Представьте, что вы:
-
SEO-специалист. Анализируете ссылочный профиль конкурента, вручную проверяя сотни страниц. Парсинг ссылок сайта мог бы сделать это за минуты, показав всю карту внутренних и внешних связей.
-
Продуктовый аналитик. Хотите проанализировать, как конкуренты презентуют свои новинки в видео-обзорах. Ручной просмотр десятков часов видео нереален. Парсинг метаданных и субтитров видео мог бы дать структурированные данные.
-
Маркетолог. Изучаете, как конкуренты собирают лиды: какие поля в форме (телефон, email, имя), есть ли чекбоксы согласия. Вручную обходя сайты, вы потратите день. Парсинг форм и заявок автоматизирует эту разведку.
Парсинг нетекстового контента дает вам глубинное понимание стратегий и тактик конкурентов, недоступное при поверхностном анализе.
Что именно можно парсить, кроме текста? Ключевые объекты.
Практически любой элемент на странице можно извлечь и проанализировать.
На что стоит обратить внимание:
-
Медиафайлы (Видео, Аудио, Изображения). Можно извлекать не сами файлы (что часто незаконно), а их метаданные: URL источника, название, описание, длительность, субтитры (если есть в открытом доступе). Бот парсинг на сайте, может идентифицировать наличие видео на странице.
-
Гиперссылки. Парсинг всех ссылок (внутренних и внешних) помогает строить карту сайта, находить битые ссылки, анализировать ссылочную стратегию конкурента (куда и на какие ресурсы он ссылается).
-
Формы обратной связи и заявки. Можно анализировать структуру HTML-форм: какие поля обязательные (
required), какие типы данных запрашиваются (телефон, email), есть ли скрытые поля (hidden). Это помогает понять, как настроить мониторинг заявок с собственного сайта или изучить воронку конкурента. -
Структура и разметка (HTML, CSS, JSON-LD). Анализ семантической разметки (Schema.org) может рассказать о типах товаров, ценах, рейтингах напрямую, в структурированном виде.
-
Динамический контент (JavaScript). Многие сайты грузят данные (цены, отзывы) через JS-запросы после загрузки страницы. Для их парсинга нужны инструменты вроде Selenium или Puppeteer.
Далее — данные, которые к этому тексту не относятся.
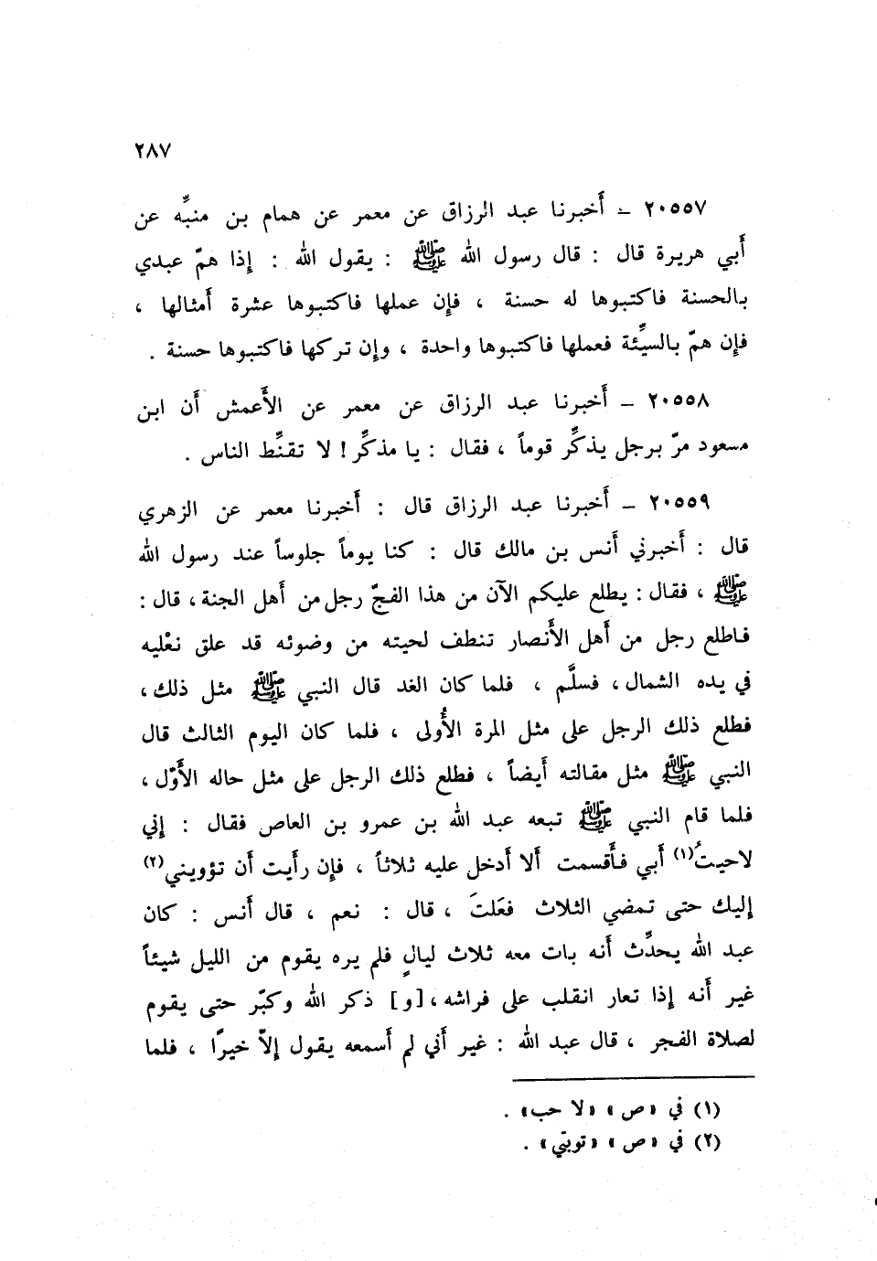٢٠٥٥٩ - أَخْبَرَنَا عَبْدُ الرَّزَّاقِ، قَالَ أَخْبَرَنَا مَعْمَرٌ، عَنِ الزُّهْرِيِّ، قَالَ: أَخْبَرَنِي أَنَسُ بْنُ مَالِكٍ، قَالَ: كُنَّا يَوْمًا جُلُوسًا عِنْدَ رَسُولِ اللَّهِ صَلَّى اللهُ عَلَيْهِ وَسَلَّمَ فَقَالَ: «يَطْلُعُ عَلَيْكُمُ الْآنَ مِنْ هَذَا الْفَجِّ رَجُلٌ مِنْ أَهْلِ الْجَنَّةِ» ، قَالَ: فَطَلَعَ رَجُلٌ مِنْ أَهْلِ الْأَنْصَارِ تَنْطِفُ لِحْيَتُهُ مِنْ وُضُوئِهِ، قَدْ عَلَّقَ نَعْلَيْهِ فِي يَدِهِ الشِّمَالِ فَسَلَّمَ، فَلَمَّا كَانَ الْغَدُ، قَالَ النَّبِيُّ صَلَّى اللهُ عَلَيْهِ وَسَلَّمَ مِثْلَ ذَلِكَ، فَطَلَعَ ذَلِكَ الرَّجُلُ عَلَى مِثْلِ الْمَرَّةِ الْأُولَى، فَلَمَّا كَانَ الْيَوْمُ الثَّالِثُ، قَالَ النَّبِيُّ صَلَّى اللهُ عَلَيْهِ وَسَلَّمَ مِثْلَ مَقَالَتِهِ أَيْضًا، فَطَلَعَ ذَلِكَ الرَّجُلُ عَلَى مِثْلِ حَالِهِ الْأَوَّلِ، فَلَمَّا قَامَ النَّبِيُّ صَلَّى اللهُ عَلَيْهِ وَسَلَّمَ تَبِعَهُ عَبْدُ اللَّهِ بْنُ عَمْرِو بْنِ الْعَاصِ فَقَالَ: إِنِّي لَاحَيْتُ أَبِي، فَأَقْسَمْتُ أَلَّا أَدْخُلَ عَلَيْهِ ثَلَاثًا، فَإِنْ رَأَيْتَ أَنْ تُؤْوِيَنِي إِلَيْكَ حَتَّى تَمْضِيَ الثَّلَاثُ فَعَلْتَ، قَالَ: نَعَمْ، قَالَ أَنَسٌ: كَانَ عَبْدُ اللَّهِ يُحَدِّثُ أَنَّهُ بَاتَ مَعَهُ ثَلَاثَ لَيَالٍ، فَلَمْ يَرَهُ يَقُومُ مِنَ اللَّيْلِ شَيْئًا، غَيْرَ أَنَّهُ إِذَا تَعَارَّ انْقَلَبَ عَلَى فِرَاشِهِ، وَذَكَرَ اللَّهَ وَكَبَّرَ حَتَّى يَقُومَ لِصَلَاةِ الْفَجْرِ، قَالَ عَبْدُ اللَّهِ: غير أَنِّي لَمْ أَسْمَعْهُ يَقُولُ إِلَّا خَيْرًا، فَلَمَّا ⦗٢٨٨⦘ مَضَتِ الثَّلَاثُ، وَكِدْتُ أَحْتَقِرُ عَمَلَهُ، قُلْتُ: يَا عَبْدَ اللَّهِ، لَمْ يَكُنْ بَيْنِي وَبَيْنَ وَالِدِي هِجْرَةٌ وَلَا غَضَبٌ، وَلَكِنِّي سَمِعْتُ رَسُولَ اللَّهِ صَلَّى اللهُ عَلَيْهِ وَسَلَّمَ يَقُولُ ثَلَاثَ مَرَّاتٍ: «يَطْلُعُ الْآنَ عَلَيْكُمْ رَجُلٌ مِنْ أَهْلِ الْجَنَّةِ» ، فَطَلَعْتَ ثَلَاثَ مَرَّاتٍ، فَأَرَدْتُ أَنْ آوِيَ إِلَيْكَ لَأَنْظُرَ مَا عَمَلُكَ، فَأَقْتَدِيَ بِكَ، فَلَمْ أَرَكَ تَعْمَلُ كَبِيرَ عَمَلٍ، فَمَا الَّذِي بَلَغَ بِكَ مَا قَالَ رَسُولُ اللَّهِ صَلَّى اللهُ عَلَيْهِ وَسَلَّمَ؟ قَالَ: مَا هُوَ إِلَّا مَا رَأَيْتَ قَالَ: فَانْصَرَفْتُ عَنْهُ، فَلَمَّا وَلَّيْتُ دَعَانِي فَقَالَ: مَا هُوَ إِلَّا مَا رَأَيْتَ، غَيْرَ أَنِّي لَا أَجِدُ فِي نَفْسِي عَلَى أَحَدٍ مِنَ الْمُسْلِمِينَ غِشًّا، وَلَا أَحْسُدُهُ عَلَى مَا أَعْطَاهُ اللَّهُ إِيَّاهُ إِلَيْهِ، فَقَالَ عَبْدُ اللَّهِ: هَذِهِ الَّتِي بَلَغَتْ بِكَ هِيَ الَّتِي لَا نُطِيقُ

Когда ваш парсинг становится многомерным, вы переходите от вопроса «Что у них написано?» к комплексным вопросам: «Какую ссылочную структуру они построили для SEO? Какие типы контента (текст/видео) они используют для продвижения дорогих товаров?».
Кстати, мы разрабатываем парсеры на заказ. Например:
Как технически парсить нетекстовые элементы? От простого к сложному.
Методы сильно различаются в зависимости от цели.
-
Парсинг статического HTML (простыми библиотеками).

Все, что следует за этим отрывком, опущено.